**Records for this exercise:**
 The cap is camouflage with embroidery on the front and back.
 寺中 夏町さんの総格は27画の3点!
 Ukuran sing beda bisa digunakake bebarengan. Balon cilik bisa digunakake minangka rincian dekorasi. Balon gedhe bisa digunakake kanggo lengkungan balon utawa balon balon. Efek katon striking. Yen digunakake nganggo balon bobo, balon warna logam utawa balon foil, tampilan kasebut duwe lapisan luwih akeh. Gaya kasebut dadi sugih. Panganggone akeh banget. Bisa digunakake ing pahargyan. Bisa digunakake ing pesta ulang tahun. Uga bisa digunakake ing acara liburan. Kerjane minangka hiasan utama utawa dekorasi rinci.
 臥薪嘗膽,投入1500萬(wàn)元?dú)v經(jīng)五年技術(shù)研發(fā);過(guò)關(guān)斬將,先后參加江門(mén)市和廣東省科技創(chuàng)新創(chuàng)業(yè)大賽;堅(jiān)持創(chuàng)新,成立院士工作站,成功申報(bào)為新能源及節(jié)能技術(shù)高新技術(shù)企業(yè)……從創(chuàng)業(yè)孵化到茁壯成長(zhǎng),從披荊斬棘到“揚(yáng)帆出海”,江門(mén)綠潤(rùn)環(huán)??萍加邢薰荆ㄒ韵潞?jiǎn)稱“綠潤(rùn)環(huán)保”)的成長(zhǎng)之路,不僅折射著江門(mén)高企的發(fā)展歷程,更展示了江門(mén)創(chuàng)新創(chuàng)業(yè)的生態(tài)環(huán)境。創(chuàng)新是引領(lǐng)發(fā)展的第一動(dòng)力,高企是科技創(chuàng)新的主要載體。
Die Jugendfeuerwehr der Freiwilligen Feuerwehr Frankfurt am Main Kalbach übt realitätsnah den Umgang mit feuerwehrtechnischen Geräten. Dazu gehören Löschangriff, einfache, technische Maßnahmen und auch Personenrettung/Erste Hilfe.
* * *
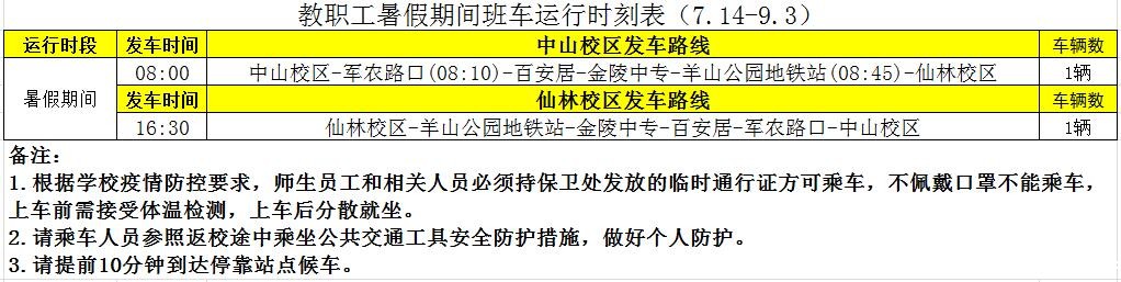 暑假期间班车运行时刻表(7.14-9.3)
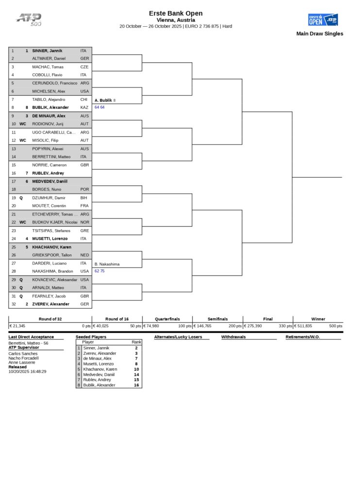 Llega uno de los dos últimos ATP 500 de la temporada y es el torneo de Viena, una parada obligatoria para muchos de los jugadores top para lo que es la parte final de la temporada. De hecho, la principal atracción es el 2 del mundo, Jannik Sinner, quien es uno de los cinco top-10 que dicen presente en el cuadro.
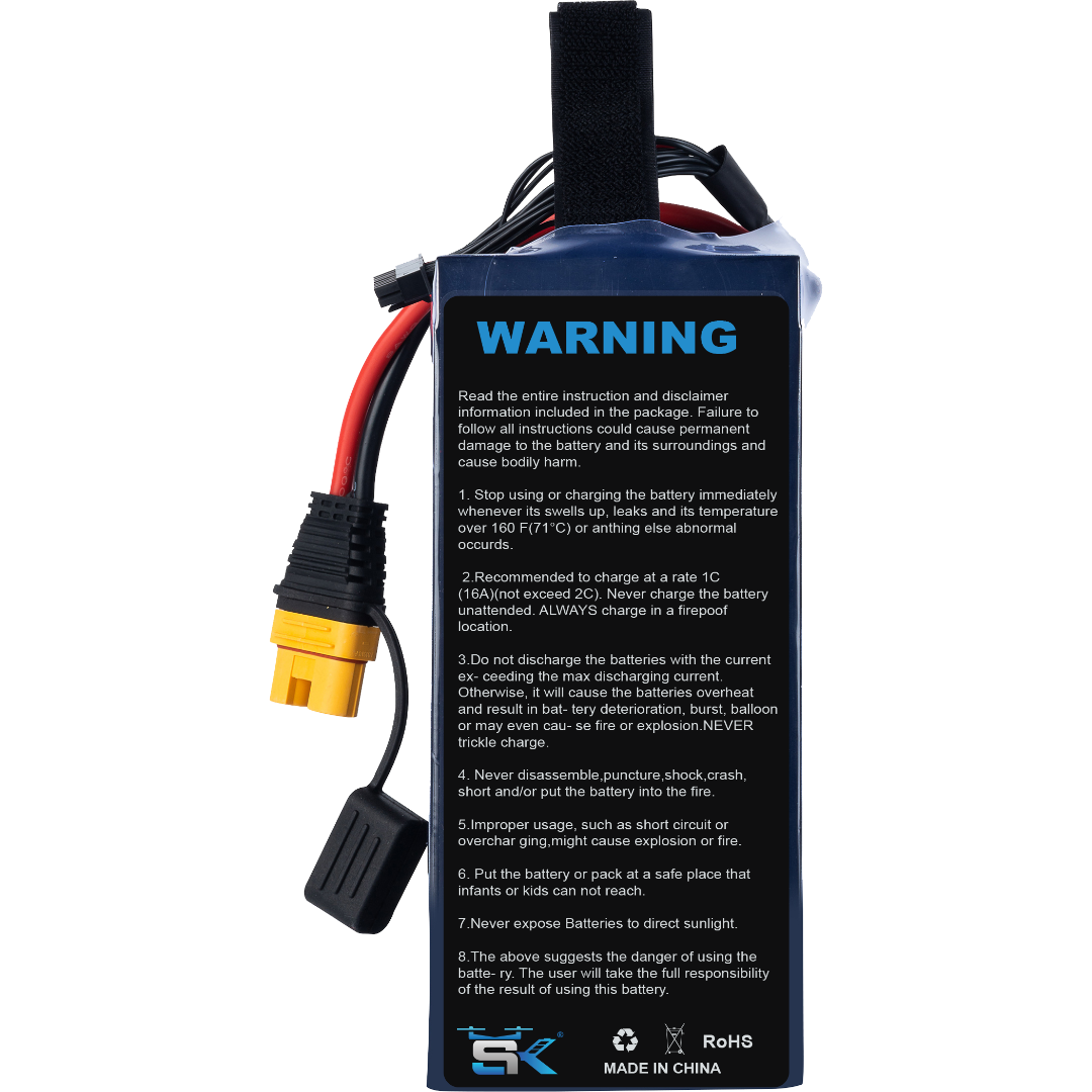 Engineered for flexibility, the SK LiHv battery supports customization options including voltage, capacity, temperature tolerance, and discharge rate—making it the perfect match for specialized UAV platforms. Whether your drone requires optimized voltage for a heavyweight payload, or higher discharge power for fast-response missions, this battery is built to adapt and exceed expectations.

**Task item:** In the listing above, transcribe exactly everything from the line containing "The cap is camouflage" down to the line containing "寺中 夏町さんの総格は27画の3点!", including both and nothing more.

**Answer to this exercise:**
 The cap is camouflage with embroidery on the front and back.
 寺中 夏町さんの総格は27画の3点!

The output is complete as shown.